A proposal to redevelop the former Times Picayune headquarters into a 62,000 square foot golf entertainment venue was presented to the public on Wednesday, March 14. The development by the company DriveShack, which specifies full demolition of the existing structure located at 3800 Howard Avenue, will be seeking city approval for designation as a planned-development district that would allow for higher density and intensity of uses. The majority of the site, with a prominent central location just off of the Pontchartrain Expressway, will be used for an outdoor driving range but will also feature other entertainment spaces.

According to an article in Mid-City Messenger, the building complex was completely vacated by the Times Picayune staff in 2016 and the 8.9 acre site was purchased later that year for $3.5 million dollars.

Built in 1967, the late-modernist complex and iconic clock tower are over 50 years of age and eligible for historic status. However, little discussion of preserving the actual building has been mentioned in the recent flurry of media interest which begs to the question – does the larger community think the adaptive reuse of the existing structure worth a larger discussion or is starting over from scratch the only way forward for this particular site?

Additionally, a large collection of plaster bas relief sculptures by artist Enrique Alferez remain, titled “Symbols of Communication,” adorns the interior of the lobby. Their fate in the proposed redevelopment has raised concern in the local art and preservation communities. The developers committed to working with local appraisers and art conservators to find an appropriate solution to the preservation of these panels.

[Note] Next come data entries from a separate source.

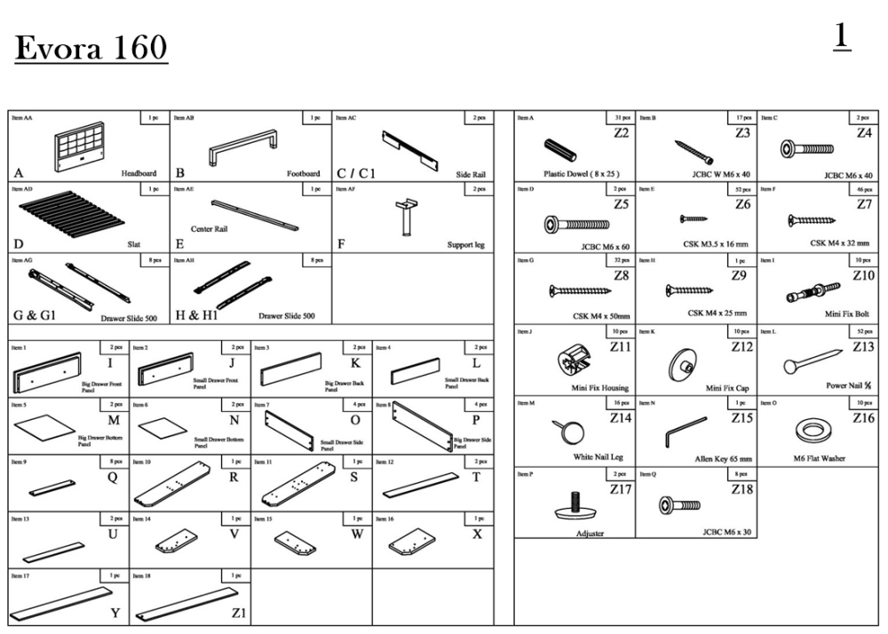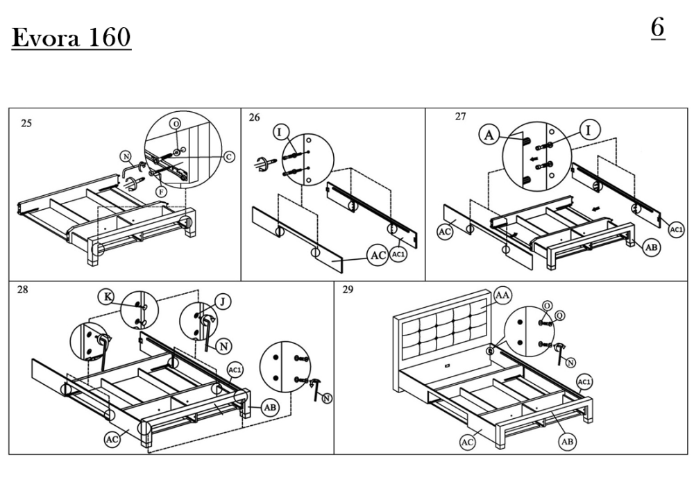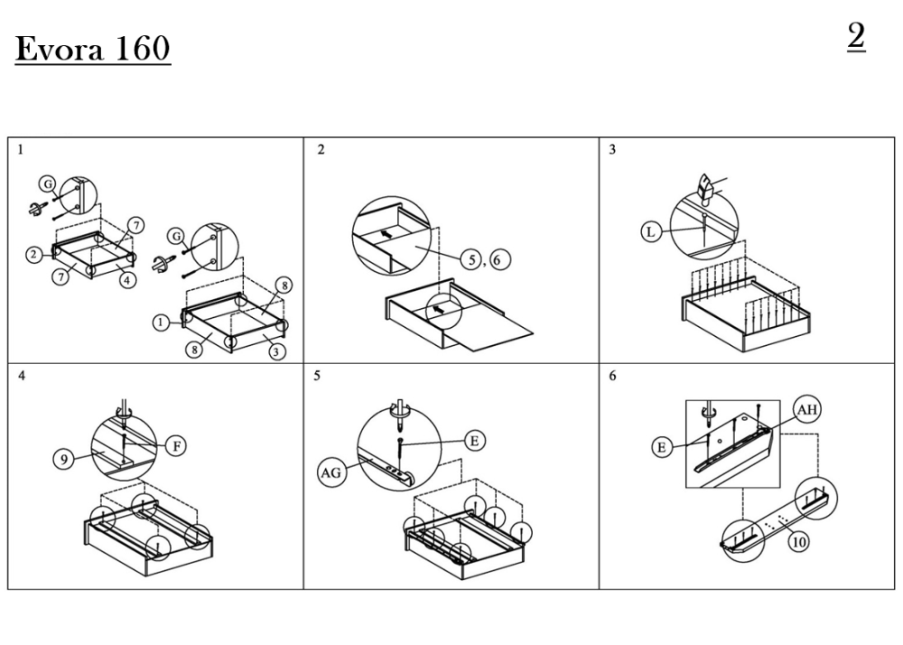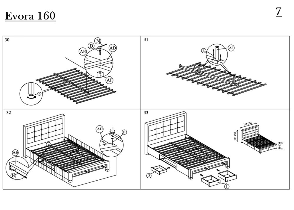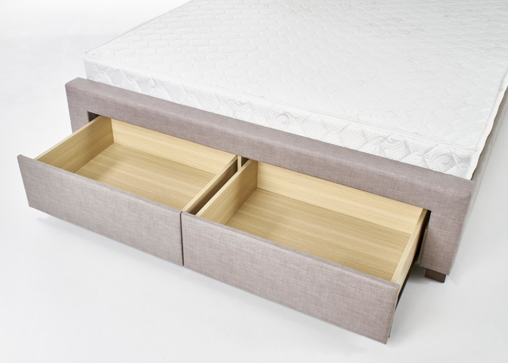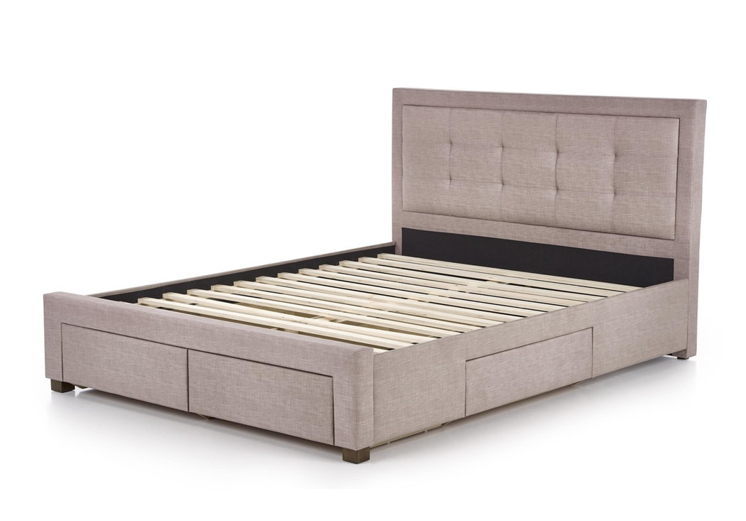 Тапицирано легло Evora е функционално спално легло с 4-четири чекмеджета. Конструкцията е здрава и устойчива, изработва се от MDF / масивно дърво. Състои се от стабилна основа, голяма табла и четири чекмеджета. Тапицирано легло Evora е снабдено с плъзгащи механизми на чекмеджетата и дървена подматрачна рамка.
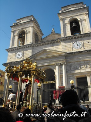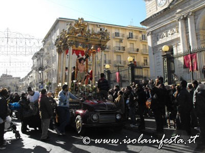Verso le 18,00 il fercolo con il simulacro di S. Sebastiano dal monumento ai caduti di corsa viene portato in piazza Duomo per lo sparo di fuochi d’artificio; subito dopo il simulacro del Santo rientra in chiesa per il solenne Pontificale. a cui partecipano le autorità civili e militari del paese.
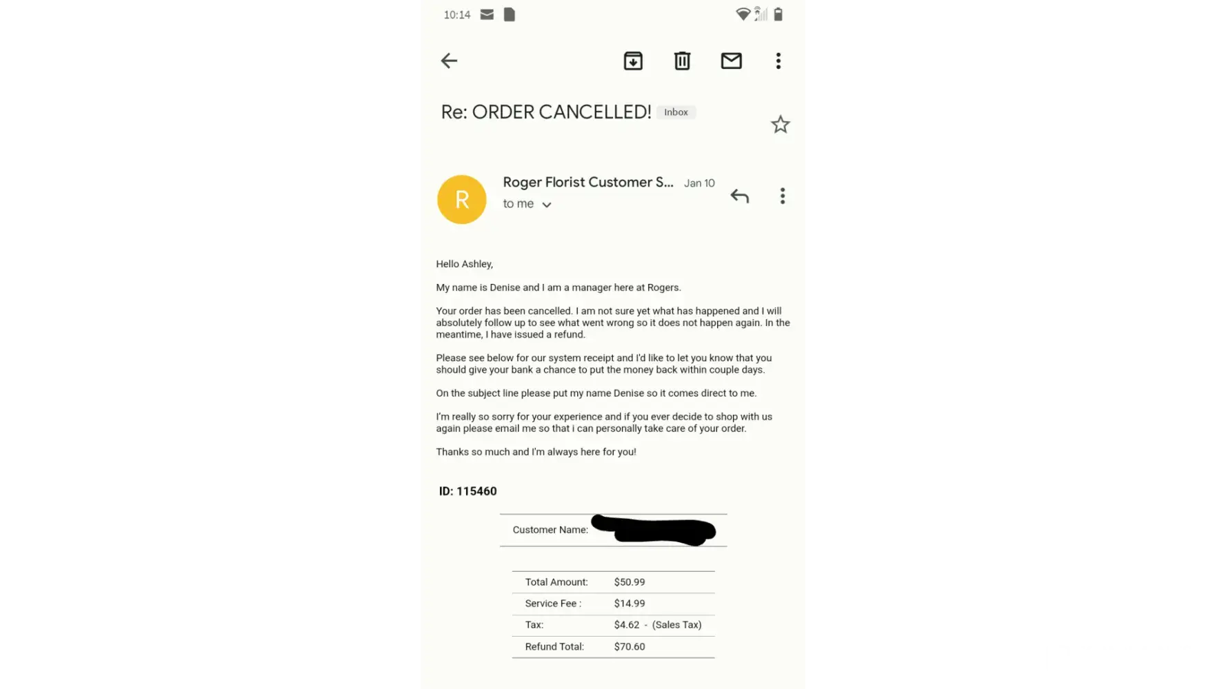 I ordered flowers from you to be selected to my mother at Fairview hospital. You responded with a response that I now know you give every one! I want my 111.00 back NOW!

Preservation of the more recent past is often a debatable topic, complicated by personal tastes and current aesthetic trends. However, from an environmental sustainability standpoint, preservationists argue that the greenest building is the one that is already built, particularly when reuse means keeping building materials out of a landfill. Furthermore, studies have revealed that the current construction sector is responsible for up to 50% of landfill waste.

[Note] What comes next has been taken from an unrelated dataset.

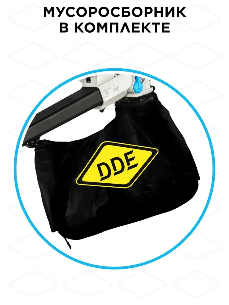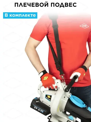 Воздуходув аккумуляторный DDE BlueTech VBB 2740 (590 м3/ч, 52 м/с, измельчитель, сборник, акб 4 Ач + ЗУ 5А) (925-044)
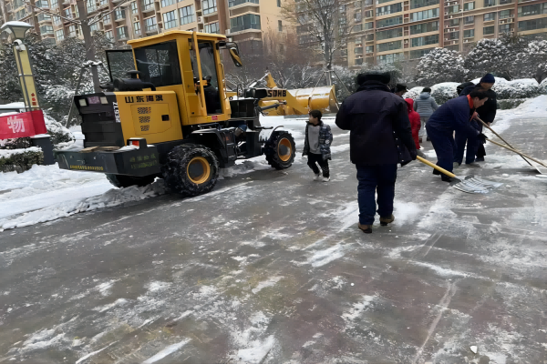 除雪行動(dòng)中,鼎誠(chéng)物業(yè)合理調(diào)配人員、機(jī)械,采取人機(jī)相結(jié)合的方式,分工明確,分片負(fù)責(zé),劃區(qū)作戰(zhàn),先清后鏟,隨降隨清,隨清隨運(yùn)。大家齊心協(xié)力,團(tuán)結(jié)協(xié)作,對(duì)各項(xiàng)目小區(qū)主干道、停車(chē)場(chǎng)道路出口、臺(tái)階等部位進(jìn)行清掃。

Let us know what you think about the proposed fate of the Times-Picayune newspaper complex. Should some portions, such as the notable clock tower, deserve more consideration for reuse?

Tlaloc Alferez, daughter of sculptor Enrique Alferez, toured the building in October 2017 along with developers, preservationists and art conservation professionals. The proposed development has raised concern over the fate of the plaster bas relief sculptures in the building’s lobby.